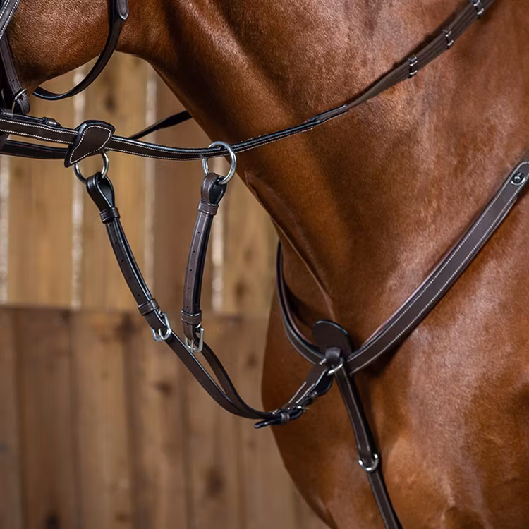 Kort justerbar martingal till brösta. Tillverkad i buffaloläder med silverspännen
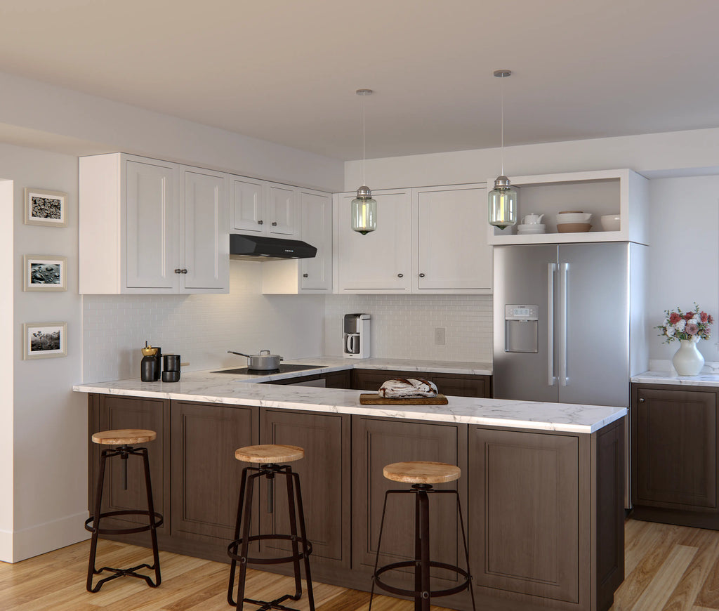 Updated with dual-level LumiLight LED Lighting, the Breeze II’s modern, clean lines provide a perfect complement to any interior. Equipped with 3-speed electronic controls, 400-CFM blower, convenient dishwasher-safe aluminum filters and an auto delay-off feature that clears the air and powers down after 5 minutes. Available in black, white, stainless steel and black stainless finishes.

++++++++

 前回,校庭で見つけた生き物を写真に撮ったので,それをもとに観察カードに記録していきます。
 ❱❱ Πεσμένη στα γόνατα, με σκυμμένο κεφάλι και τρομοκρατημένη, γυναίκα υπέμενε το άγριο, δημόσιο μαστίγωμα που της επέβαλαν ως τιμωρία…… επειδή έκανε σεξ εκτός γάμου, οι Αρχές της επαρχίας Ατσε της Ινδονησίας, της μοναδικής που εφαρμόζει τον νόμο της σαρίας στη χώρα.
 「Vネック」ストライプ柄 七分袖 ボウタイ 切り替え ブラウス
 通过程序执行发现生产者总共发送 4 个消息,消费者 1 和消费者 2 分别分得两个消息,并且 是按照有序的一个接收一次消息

++++++++

**TASK DESCRIPTION:**
Reprint exactly the lines above that start at the one with "前回,校庭で見つけた生き物を" and end at the one with "通过程序执行发现生产者总共发送 4 个消息,消费者", keeping both and adding none.

**FINAL ANSWER:**
 前回,校庭で見つけた生き物を写真に撮ったので,それをもとに観察カードに記録していきます。
 ❱❱ Πεσμένη στα γόνατα, με σκυμμένο κεφάλι και τρομοκρατημένη, γυναίκα υπέμενε το άγριο, δημόσιο μαστίγωμα που της επέβαλαν ως τιμωρία…… επειδή έκανε σεξ εκτός γάμου, οι Αρχές της επαρχίας Ατσε της Ινδονησίας, της μοναδικής που εφαρμόζει τον νόμο της σαρίας στη χώρα.
 「Vネック」ストライプ柄 七分袖 ボウタイ 切り替え ブラウス
 通过程序执行发现生产者总共发送 4 个消息,消费者 1 和消费者 2 分别分得两个消息,并且 是按照有序的一个接收一次消息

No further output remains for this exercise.